Geoffrey Myers, Director of Competition Economics, Ofcom provided context from regulatory decisions in one of the most dynamic and innovative industries - mobile telephony. With mobile data usage expanding by around 50%pa, suppliers need radio spectrum, more efficient technology, and more sites for masts and other infrastructure in order to keep pace.
The move to each generation of mobile signal naturally generates static efficiency gains in terms of greater productivity with each generation - people can fulfil existing needs more cheaply and in greater volume. But there is also huge potential for dynamic gains in terms of new services. Realising those gains is a function of maximising take up, and ensuring consumers enjoy the benefits.
The move to 2G in 1991 came with only 2 mobile players established in the market - Vodafone and Cellnet. The opportunity was taken to move to a 4 player market: 80% of new 1800mhz spectrum went to new players One2One and Orange. Entrants were unusually successful compared to other countries, with take-up going from 1.5m users in 1993 to 27m in 1999.
The 3G auction in 2000 created a licence for a 5th player, with significant competition from 9 players, until 3 launched on 03/03/2003. The gains to HM Treasury attracted column inches but were less important than the disruption brought by Three - lower prices, video calling, unlimited data, and so on. Three is now the largest operator by data volume from only 11% of UK mobile subscribers.
4G was auctioned in 2013. That some of the spectrum usable for 4G was already in the hands of EE was a consideration; in the end it was decided that EE’s head start would be in consumer interests to allow faster take up - but in practice, take up only really stepped up once EE’s head start had lapsed. Ofcom also took steps to ensure that spectrum was reserved for a smaller player (Three or a new entrant), ensuring at least a 4-player market.
In this spirit the European Commission blocked the merger of Three and O2 in 2016, though this decision has been appealed. It was unclear what the dynamic effects of the merger would have been, so the more clear-cut static case was decisive at the time.
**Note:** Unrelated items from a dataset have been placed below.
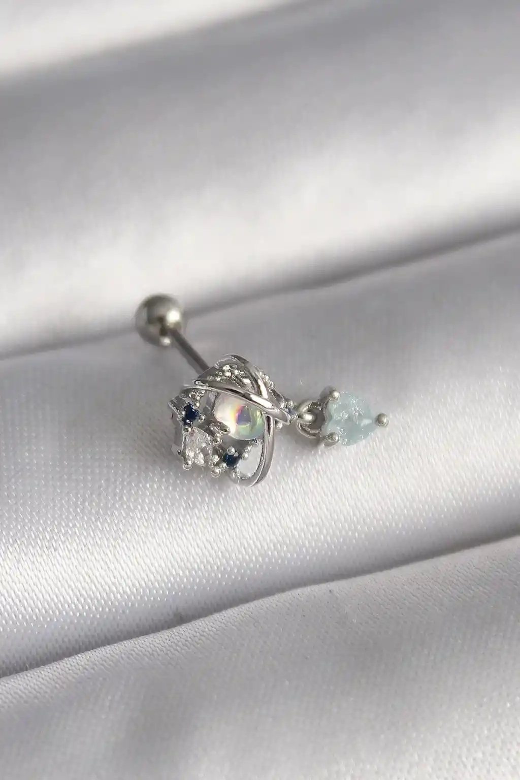 316L Çelik Gümüş Renk Zirkon Taşlı Sallantı Kalp Detay Tragus Piercing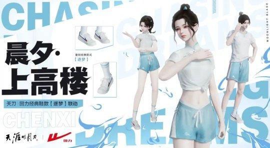 7月25日,天刀X回力聯動,普贈外觀【晨夕·上高樓】,復刻回力經典款【逐夢】。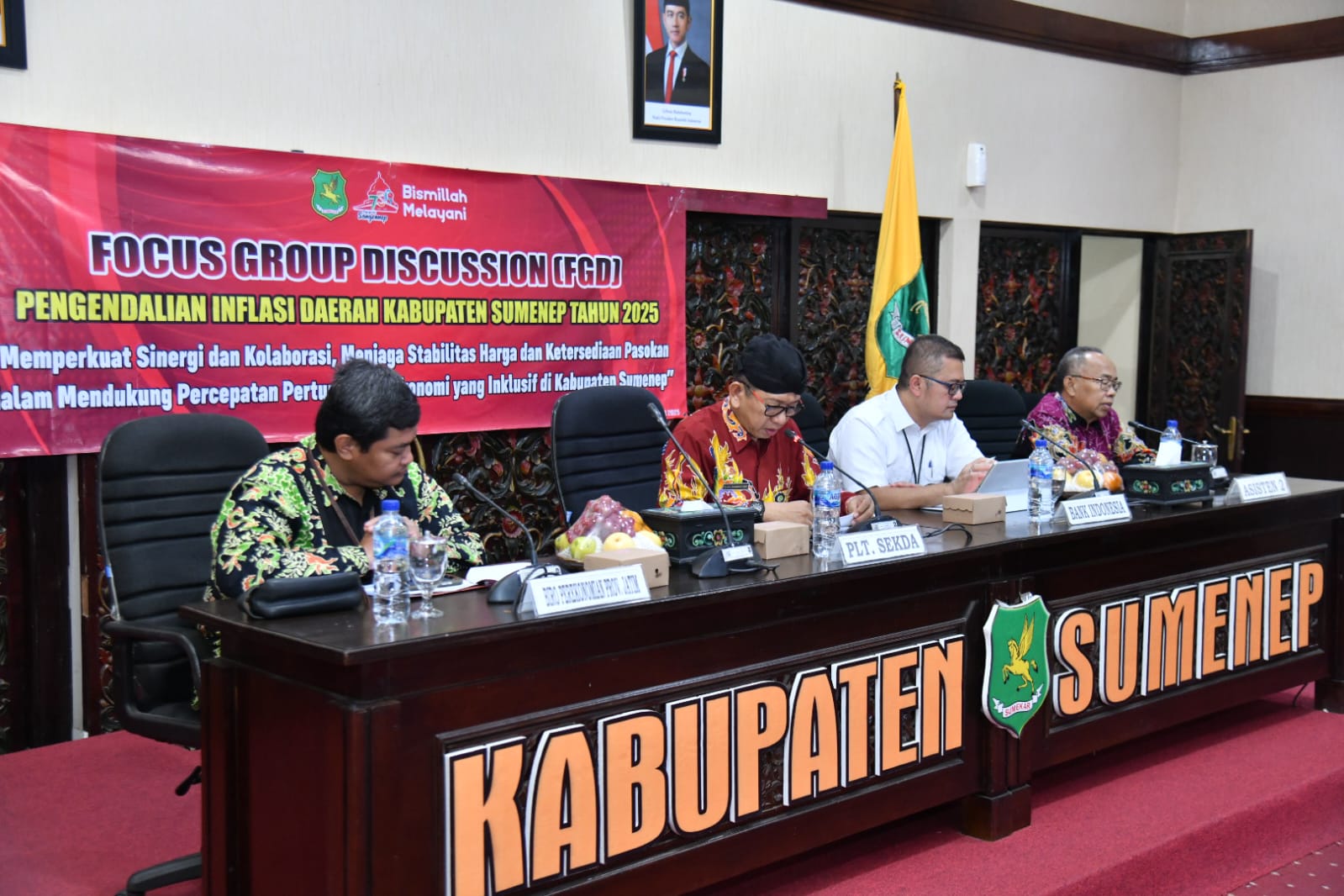 Sumenep,RPN-Pemerintah Kabupaten (Pemkab) Sumenep melalui Bagian Perekonomian dan Sekretariat SDA Daerah menggelar Focus Group Discussion (FGD) Pengendalian Inflasi Daerah di Ruang Rapat Graha Arya Wiraraja, lantai II Kantor Bupati, Kamis (18/9/2025).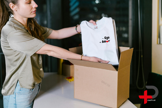 T-shirt básica blanca estampada para mujer, mensaje, frase, positivo (-Ego + Amor)
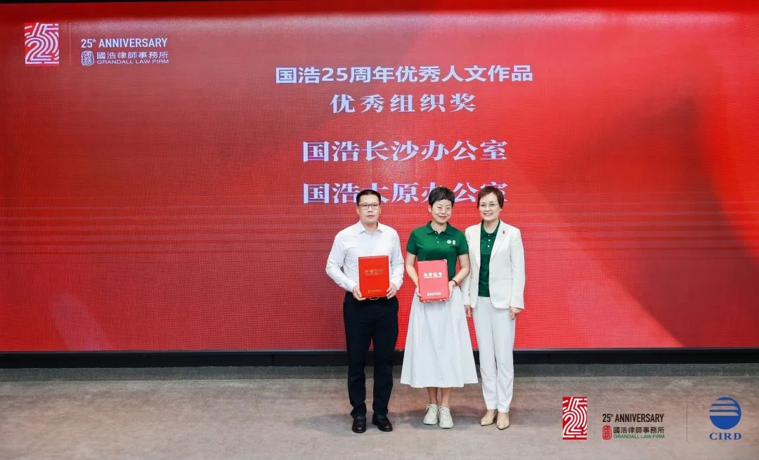 同時(shí)也為此次積極組織投稿的國(guó)浩南京、深圳辦公室頒發(fā)了優(yōu)秀組織獎(jiǎng)

Myers ended with a brief summary of the emerging 5G technology, which can offer enhanced mobile broadband, massive machine communications (also know as the Internet of Things), and ultra-reliable low latency (ie minimal lag time) communications for critical services such as driverless automotive and remote surgery. It seems likely that when the time comes for the next spectrum auction, the stakes will be higher than ever in terms of long-term growth effects. Whether theory and evidence can catch up in time to deliver the right decisions remains to be seen.